庄子-让王
2024/3/31 大川之道

    

     【原文】尧以天下让许由,许由不受。又让于子州支父①,子州支父曰:“以我为天子,犹之可也。虽然,我适有幽忧之病②,方且治之,未暇治天下也。”夫天下至重也,而不以害其生,又况他物乎!唯无以天下为者,可以托天下也。

     舜让天下于子州支伯③。子州支伯曰:“予适有幽忧之病,方且治之,未暇治天下也。”故天下大器也④,而不以易生,此有道者之所以异乎俗者也。

     舜以天下让善卷④,善卷曰:“余立于宇宙之中,冬日衣皮毛,夏日衣葛絺;春耕种,形足以劳动;秋收敛,身足以休食;日出而作,日入而息,逍遥于天地之间而心意自得。吾何以天下为哉!悲夫,子之不知余也!”遂不受。于是去而入深山,莫知其处。

     舜以天下让其友石户之农⑤,石户之农曰:“捲捲乎后之为人⑥,葆力之士也⑦!”以舜之德为未至也,于是夫负妻戴,携子以入于海,终身不反也。

     【注释】①子州支父:姓子,名州,字支父,为怀道的隐者。②适:刚刚,偶尔。幽忧:过度忧劳;忧伤。③子州支伯:即子州支父。④大器:指国家政权。④善卷:姓善,名卷,隐者。⑤石户:地名。⑥捲捲(quán):忠诚貌;恳切貌。后:君,指舜。⑦葆力:勤苦工作。【译文】尧把天下让给许由,许由不接受。又让给子州支父,子州支父说:“让我来做天子,也不是不可以。不过,我患有忧虑过度的疾病,正在治疗中,没有空闲时间来治理天下。”治理天下至关重要,但也不能因此而丢了自己的命,更何况还有其他的事呢。

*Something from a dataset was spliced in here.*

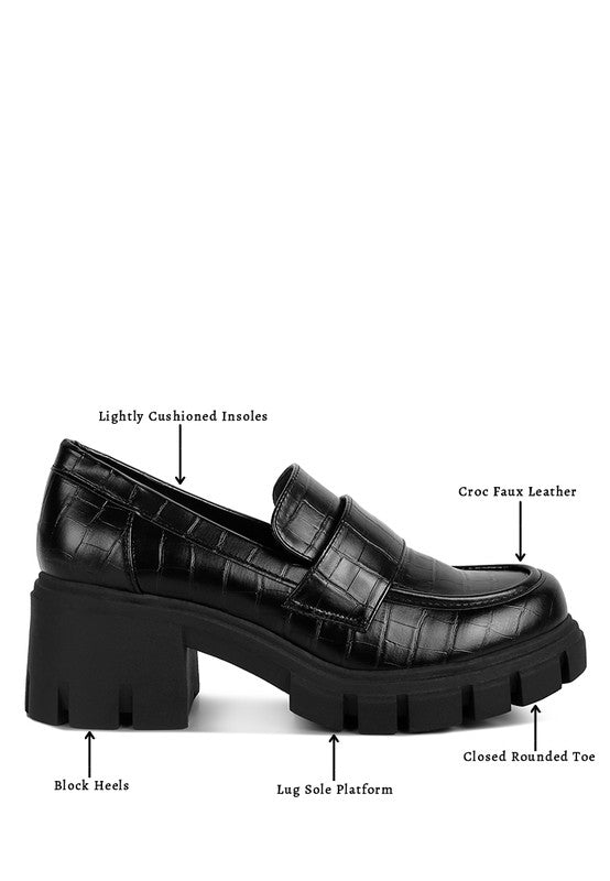 The chunky loafers are fun, quirky, and stylish with the chunky lug soles and platform detail. The croc print looks fashionable while the soft cushioned insoles cut strain. The chunky loafers are a must-have this season.

只有不执着于“有为”的人才值得托付以天下。

     舜把天下让给子州支伯,子州支伯说:“我患有过度忧虑过度的疾病,正在治疗中,没有空闲时间来治理天下。”所说的天下,指的是至高的权力,子州支伯认为不值得用健康来换,这就是得道之人区别于常人的地方。

     舜又把天下让给善卷,善卷说:“我处在天地之间,冬天穿着皮毛,夏天穿葛布;春天耕种,身体能胜任这样的劳动;秋天收获,粮食够吃,身体也能得到做够的休养;日出而作,日落而息,逍遥于天地之间,心神怡然自得。我要天下有什么用呢!可悲啊,你不了解我!” 所以没有接受。后来善卷离去而隐入深山,没人知道他去了何处。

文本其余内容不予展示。